If I were an avid runner this would be a beautiful morning to go for a jog. If.
I’m awake this morning (6 am) after Oliver’s latest feeding and feeling great. Actually going to sleep at 10 pm works. Huh.
I some times have the urge to just wake up and run but then I remember how tired I am and that I like sleeping more than sweating so I stay in bed – but this morning, I don’t know. It would be nice. I like to run – for the solitude, the thinking time, the general beauty of being outside and exercising however at the same time I hate running in public because I’m insecure about it.
Lets just be honest – a nursing mom who runs isn’t running alone – she’s got Jasper and Horace on her chest to keep her, and all the passersby, company. Real solitude, not exactly.

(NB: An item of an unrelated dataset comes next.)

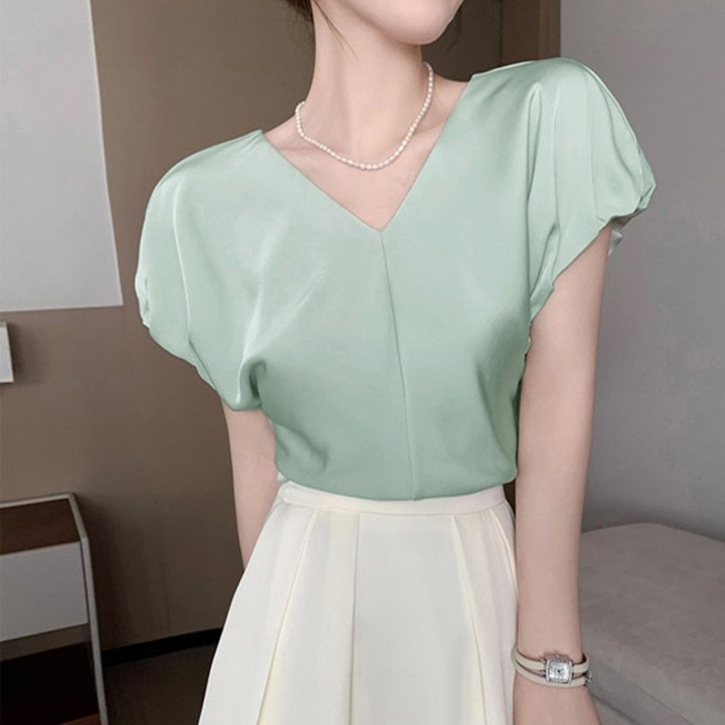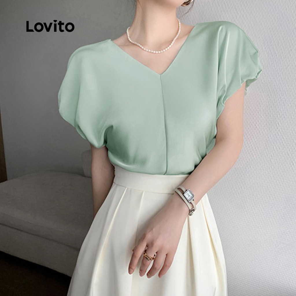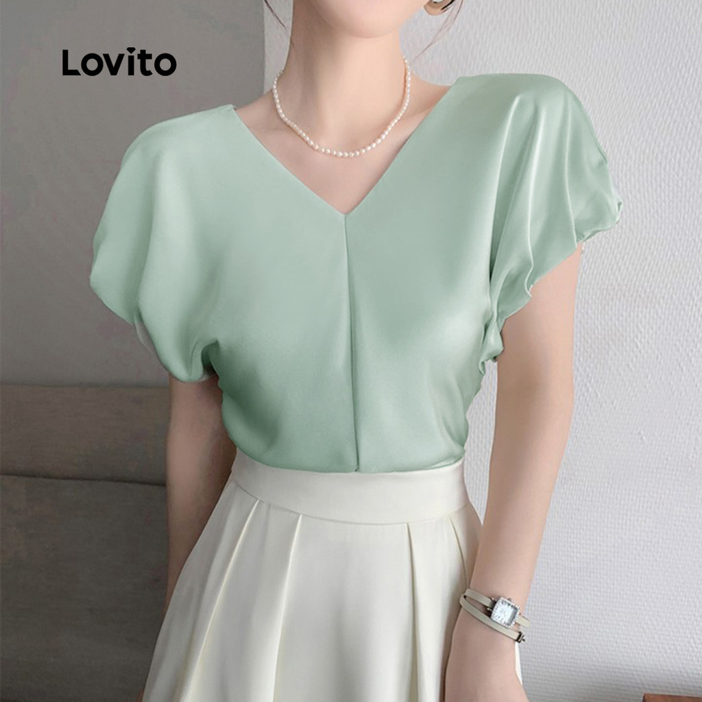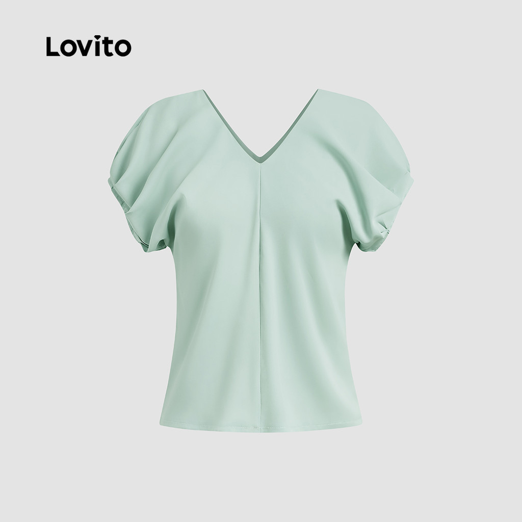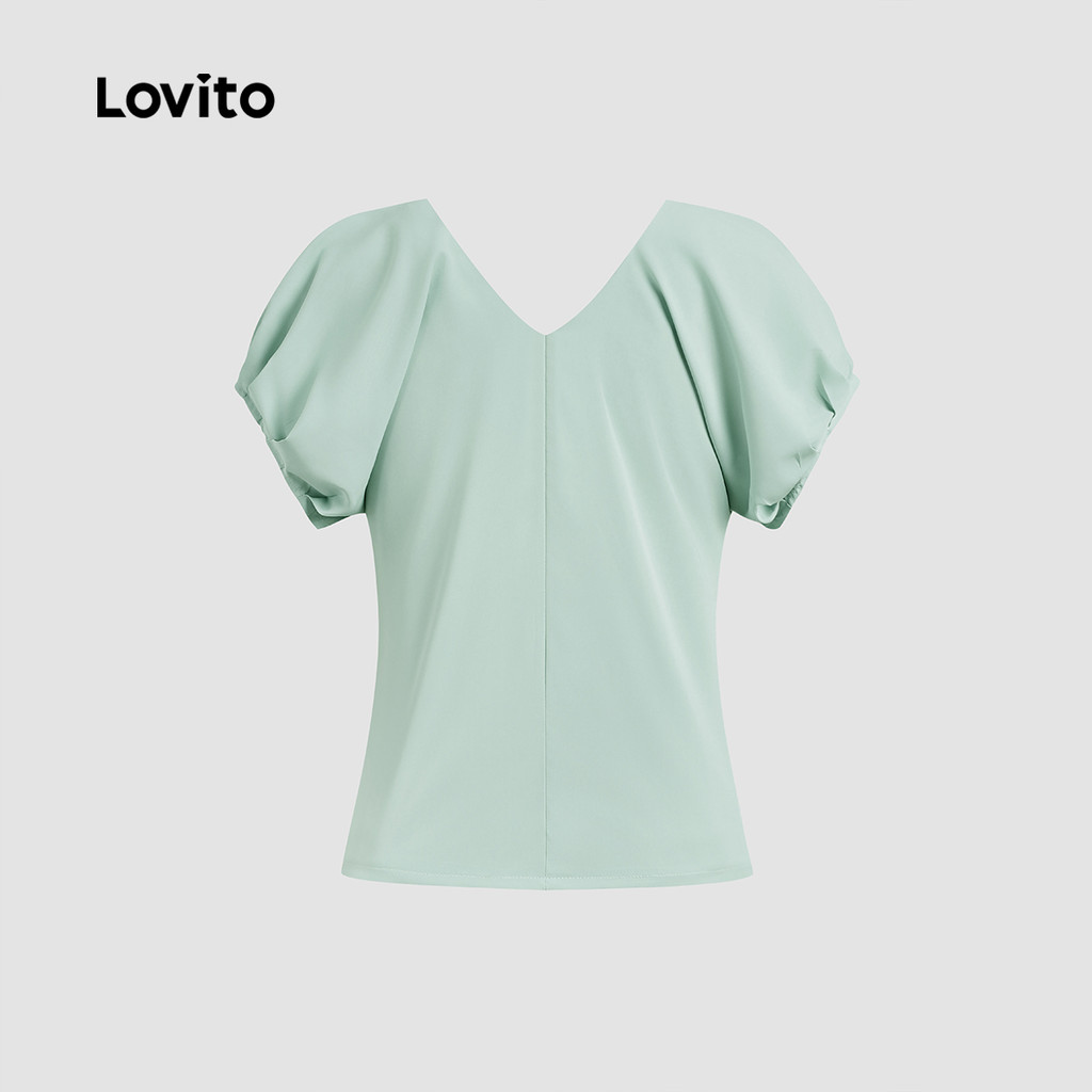 (New) Lovito Blusa Elegante com Drapeado Simples para Primavera/verão Verde para Mulheres L142ED087

So I generally stick to the treadmill these days and get Jessica’s commentary constantly.
I also have this way-over romanticized idea of waking up early every morning and going for a swim, at the local pool or my mom’s lake – really it’s just the idea of being ready to meet the day in a way that says – I’m here, I’m ready – I’m available for life. And for some reason I see myself in a black swim suit – slowly walking to the end of the dock, fog rising and all I do is inhale, drop my towel and dive in.
Good morning.
It is a gorgeous morning isn’t it? But yet I sit here on the computer for a few moments of silence before the still over tired kid wakes up. I used to love running in the mornings, but it’s kind of hard to leave with a little one still asleep inside. š Maybe one of these days we’ll be able to get a treadmill and I can pull it outside!
I went out walking this morning after i woke up and couldn’t go back to sleep, granted this was later than 6am! It was a great morning! I think I’m going to try walking more, it was wonderful today–I actually went up to your road, not your actual street, but the one you turn on from 32nd.